→ YOUR ASSIGNMENT: Each line below from the line with "Our collection of" to the line with "A intervención foi" must be copied exactly, including those two, and no picture may appear in the copy.
=== MATERIAL PROVIDED ===
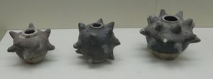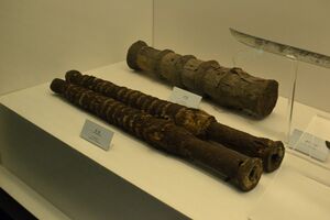 Shortly after the Mongol invasions of Japan (1274–1281), the Japanese produced a scroll painting depicting a bomb. Called tetsuhau in Japanese, the bomb is speculated to have been the Chinese thunder crash bomb.[85] Archaeological findings by the Kyushu Okinawa Society for Underwater Archaeology confirmed the existence of bombs in the Yuan invasion's arsenal. Multiple bomb shells were discovered in an underwater shipwreck off the shore of Japan and X-rays of the excavated shells show that they contained gunpowder and were also packed with scrap iron.[86][87] Japanese descriptions of the invasions also talk of iron and bamboo pao causing "light and fire" and emitting 2–3,000 iron bullets.[88] The Nihon Kokujokushi, written around 1300, mentions huo tong (fire tubes) at the Battle of Tsushima in 1274 and the second coastal assault led by Holdon in 1281. The Hachiman Gudoukun of 1360 mentions iron pao "which caused a flash of light and a loud noise when fired."[89] The Taiheki of 1370 mentions "iron pao shaped like a bell."[89]
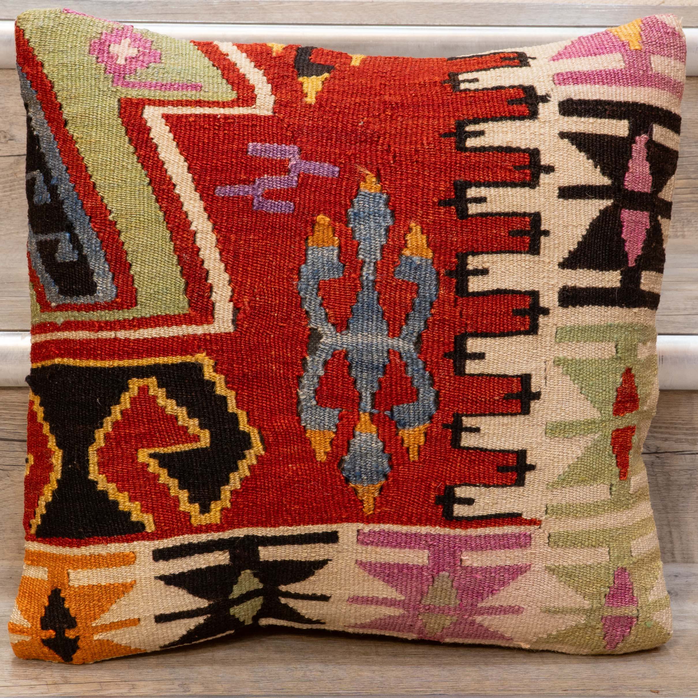 Our collection of kilim cushions offers great colours, designs, and textures. The pieces are often taken from larger old kilims, sometimes antique, and cleaned and sorted to repurpose and salvage a treasured fabric that would otherwise be lost. The pattern may be cut in unusual and interesting ways to ensure that as much of this precious resource as possible is saved. In addition, the cushions are fibre-filled, making them suitable for individuals with feather allergies.  Product size: 40 x 40cm (1'4 x 1'4)
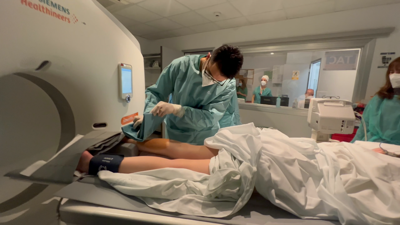 A intervención foi realizada polos radiólogos Amad Abu-Suboh, José Manuel Fernández, Manuel Trillo e Pablo Gómez, e xunto a eles participou un dos referentes a nivel nacional, José Antonio Narváez, o xefe clínico da sección de Radioloxía do Hospital Universitario de Bellvitge.
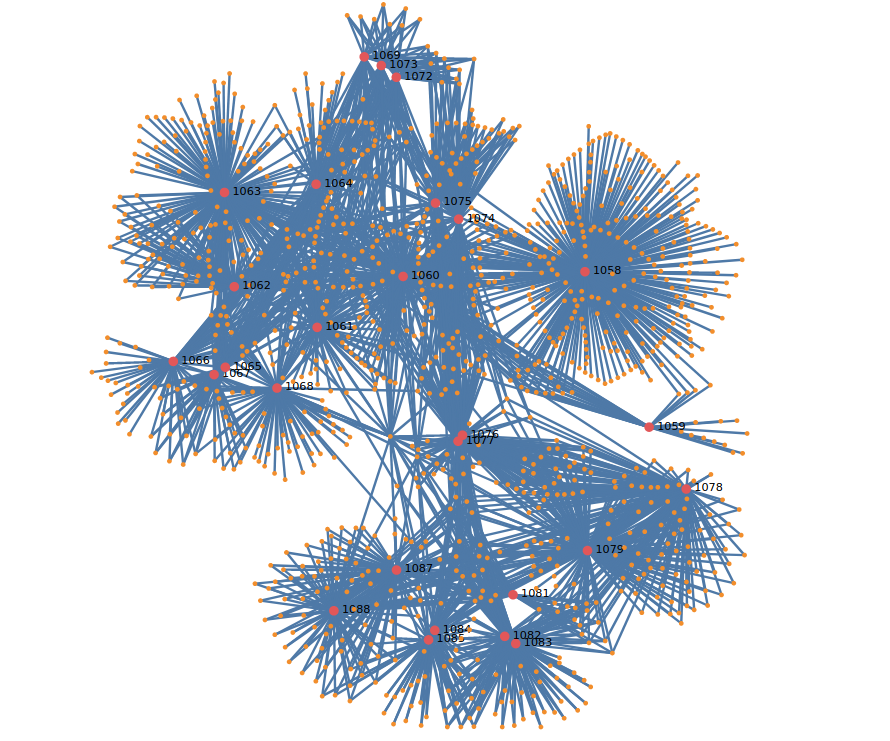 It may seem that each version represents two botnets that are run independently, but according to our data, the C&C infrastructure is shared by all versions. More than 1,400 C&C IPs extracted from the TrickBot configuration were used to draw a relationship map with loader versions.
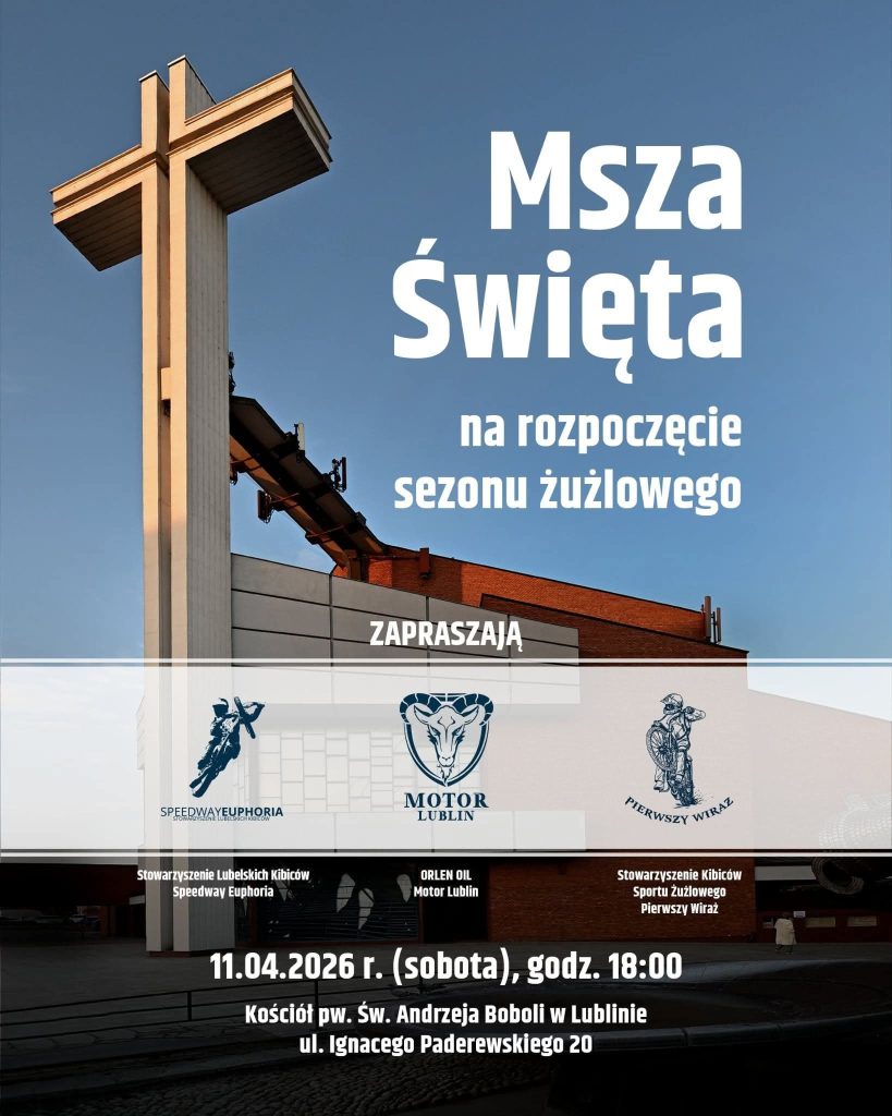 ORLEN OIL Motor Lublin, Stowarzyszenie Lubelskich Kibiców Speedway Euphoria i Stowarzyszenie Kibiców Sportu żużlowego Pierwszy Wiraż zapraszają, w sobotę 11 kwietnia 2026 r., na Mszę Święta na rozpoczęcie sezonu żużlowego, w kościele pw. św. Andrzeja Boboli w Lublinie (ul. Paderewskiego 20).
===
→ YOUR SOLUTION:
 Our collection of kilim cushions offers great colours, designs, and textures. The pieces are often taken from larger old kilims, sometimes antique, and cleaned and sorted to repurpose and salvage a treasured fabric that would otherwise be lost. The pattern may be cut in unusual and interesting ways to ensure that as much of this precious resource as possible is saved. In addition, the cushions are fibre-filled, making them suitable for individuals with feather allergies.  Product size: 40 x 40cm (1'4 x 1'4)
 A intervención foi realizada polos radiólogos Amad Abu-Suboh, José Manuel Fernández, Manuel Trillo e Pablo Gómez, e xunto a eles participou un dos referentes a nivel nacional, José Antonio Narváez, o xefe clínico da sección de Radioloxía do Hospital Universitario de Bellvitge.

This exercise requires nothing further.